Анна Данилова - Звезды-свидетели
«Дорогой Митя, не поминайте лихом, забудьте, забудьте все, что было! Я дурная, я гадкая, испорченная, я недостойна вас, но я безумно люблю искусство! Я решилась, жребий брошен, я уезжаю — вы знаете с кем… Вы чуткий, вы умный, вы поймете меня, умоляю, не мучь себя и меня!
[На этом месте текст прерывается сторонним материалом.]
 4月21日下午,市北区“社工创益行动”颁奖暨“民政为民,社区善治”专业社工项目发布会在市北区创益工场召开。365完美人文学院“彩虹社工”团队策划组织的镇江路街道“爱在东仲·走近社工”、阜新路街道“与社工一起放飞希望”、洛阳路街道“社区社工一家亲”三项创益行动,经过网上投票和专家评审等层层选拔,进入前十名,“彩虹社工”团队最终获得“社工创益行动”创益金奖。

Не пиши мне ничего, это бесполезно!»
Дойдя до этого места, Митя комкал письмо и, уткнувшись лицом в мокрую солому, бешено стискивая зубы, захлебывался от рыданий».
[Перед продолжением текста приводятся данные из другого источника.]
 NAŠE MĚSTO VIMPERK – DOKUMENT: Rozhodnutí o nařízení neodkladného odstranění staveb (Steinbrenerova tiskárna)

Нет, он не такой, как Митя, он излечился от своих страхов, и внутренняя дрожь его исчезла вместе с желанием согреться. Он был силен, здоров, и ему хотелось куда-то идти, ехать, отправиться в далекое путешествие, ему хотелось каких-то новых встреч, женщин, новой жизни, к которой он уже был готов. И это счастье, думал он в который раз, что работу я закончил, что Митя остался в прошлом.
Еще он удивлялся, как ему удалось точно воспроизвести в своей музыке душевное состояние Мити перед самым выстрелом. Откуда ему было знать о той боли, какую испытывал Митя перед смертью? Ведь он-то сам так никогда и никого не любил! И как же хорошо, что он не такой уж чувствительный, «без кожи», как Митя. У него есть кожа, и он никогда бы не допустил, чтобы женщина довела его до подобного состояния, до смерти… лучше уж ненавидеть женщин и относиться к ним с презрением, ожидая от них предательства в любую минуту.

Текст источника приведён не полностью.